── EXERCISE MATERIALS

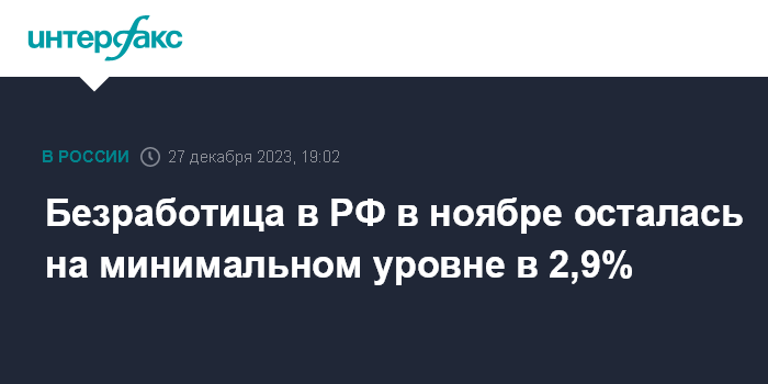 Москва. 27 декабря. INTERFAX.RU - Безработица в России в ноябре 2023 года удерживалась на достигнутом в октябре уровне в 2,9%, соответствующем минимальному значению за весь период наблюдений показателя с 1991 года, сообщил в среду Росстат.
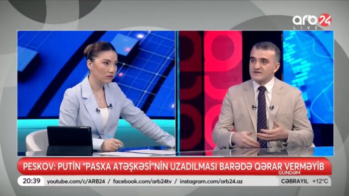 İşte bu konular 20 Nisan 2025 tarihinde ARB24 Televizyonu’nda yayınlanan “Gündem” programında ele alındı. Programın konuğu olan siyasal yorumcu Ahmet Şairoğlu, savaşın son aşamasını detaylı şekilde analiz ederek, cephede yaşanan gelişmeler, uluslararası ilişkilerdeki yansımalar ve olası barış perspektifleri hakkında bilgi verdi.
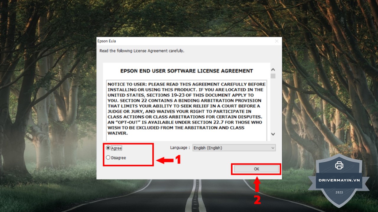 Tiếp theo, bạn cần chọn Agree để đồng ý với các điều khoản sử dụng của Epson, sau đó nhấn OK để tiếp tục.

────
── EXERCISE MATERIALS

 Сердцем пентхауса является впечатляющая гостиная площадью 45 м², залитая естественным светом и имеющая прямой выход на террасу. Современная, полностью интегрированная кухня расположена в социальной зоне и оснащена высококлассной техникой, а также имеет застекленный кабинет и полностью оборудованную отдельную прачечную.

────

For this exercise, set down the lines in the entries above from the one with "İşte bu konular" through the one with "Tiếp theo, bạn" exactly as written, without any pictures.

 İşte bu konular 20 Nisan 2025 tarihinde ARB24 Televizyonu’nda yayınlanan “Gündem” programında ele alındı. Programın konuğu olan siyasal yorumcu Ahmet Şairoğlu, savaşın son aşamasını detaylı şekilde analiz ederek, cephede yaşanan gelişmeler, uluslararası ilişkilerdeki yansımalar ve olası barış perspektifleri hakkında bilgi verdi.
 Tiếp theo, bạn cần chọn Agree để đồng ý với các điều khoản sử dụng của Epson, sau đó nhấn OK để tiếp tục.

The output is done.